Re: Detect line endings with CGI.pm upload
by gwadej (Chaplain) on Dec 26, 2008 at 21:55 UTC
|
If you are absolutely sure that they are text files, ... something like the following could be used to normalize everything to match your current system's line endings.
Assume the content of the file is in $file:
$file =~ s/(\x0d?\x0a|\x0d)/\n/smg;
Now when you write the string to disk, the line endings will be consistent.
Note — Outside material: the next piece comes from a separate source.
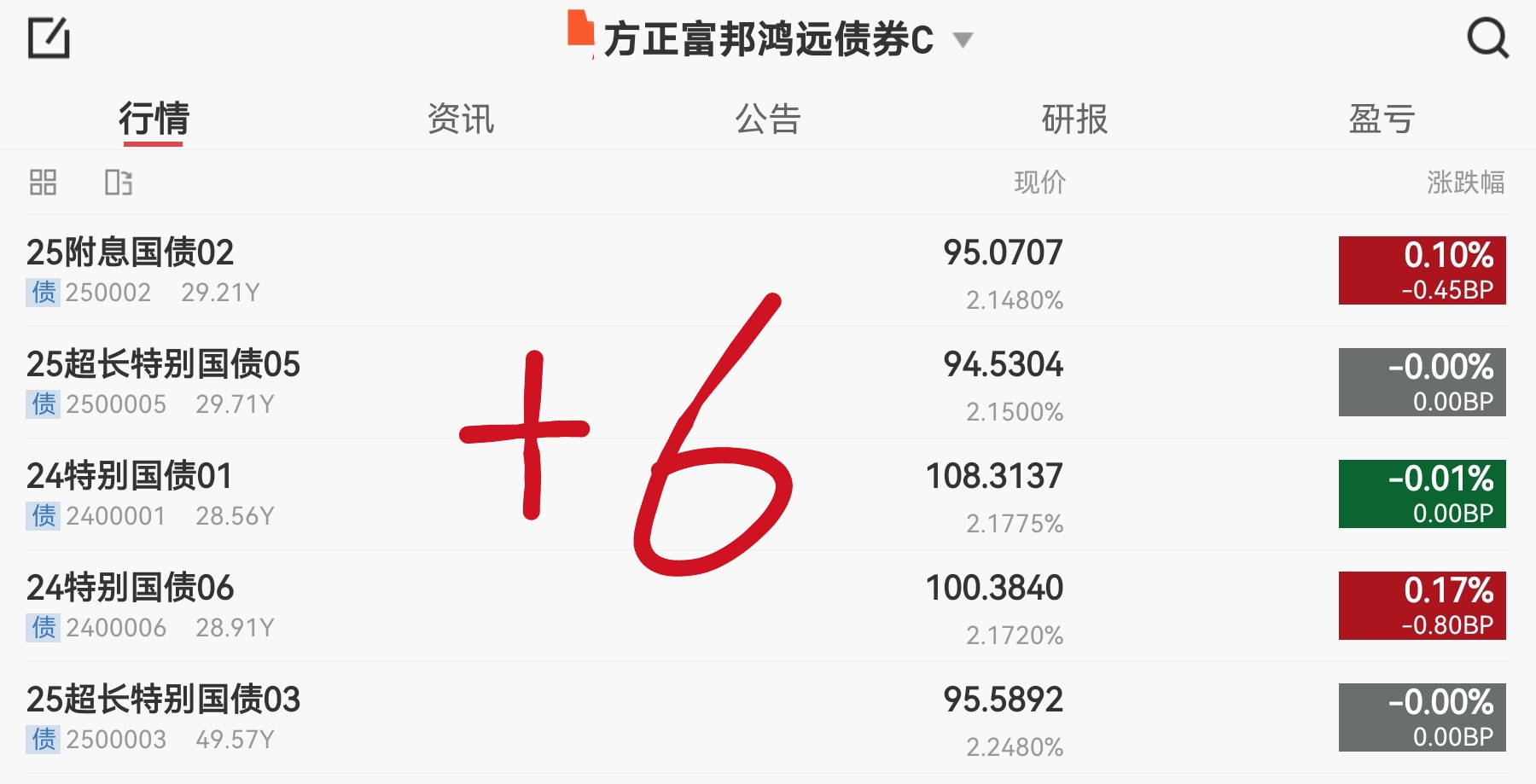 $长城短债C(OTCFUND|007195)$$富国优化增强债券E(OTCFUND|018980)$$富国久利稳健配置混合E(OTCFUND|019370)$$国金惠盈纯债C(OTCFUND|006760)$$方正富邦鸿远债券C(OTCFUND|015909)$$南方中债7-10年国开行债券指数E(OTCFUND|013594)$$华泰保兴安悦债券C(OTCFUND|020741)$

It's important to do the alternation in the correct order, otherwise you can get a surprising result. If you don't have to worry about old Macs, you can get away with:
$file =~ s/\x0d?\x0a/\n/smg;
Make certain you don;t do this to non-text files, the results are not recoverable.
| [reply] [d/l] [select] |
|
|
If you don't have to worry about old Macs, you don't have to worry about running on old Macs, so you can get away with
s/\r?\n/\n/g
or just
s/\r(?=\n)//g
| [reply] [d/l] [select] |
|
|
I remember a thread here recently pointing out that \n is not guaranteed to be a line feed, and that the suggested approach approach was to use \x0a and \x0d because you can be sure of their meanings.
I vaguely remember having that problem way back when I was a C programmer.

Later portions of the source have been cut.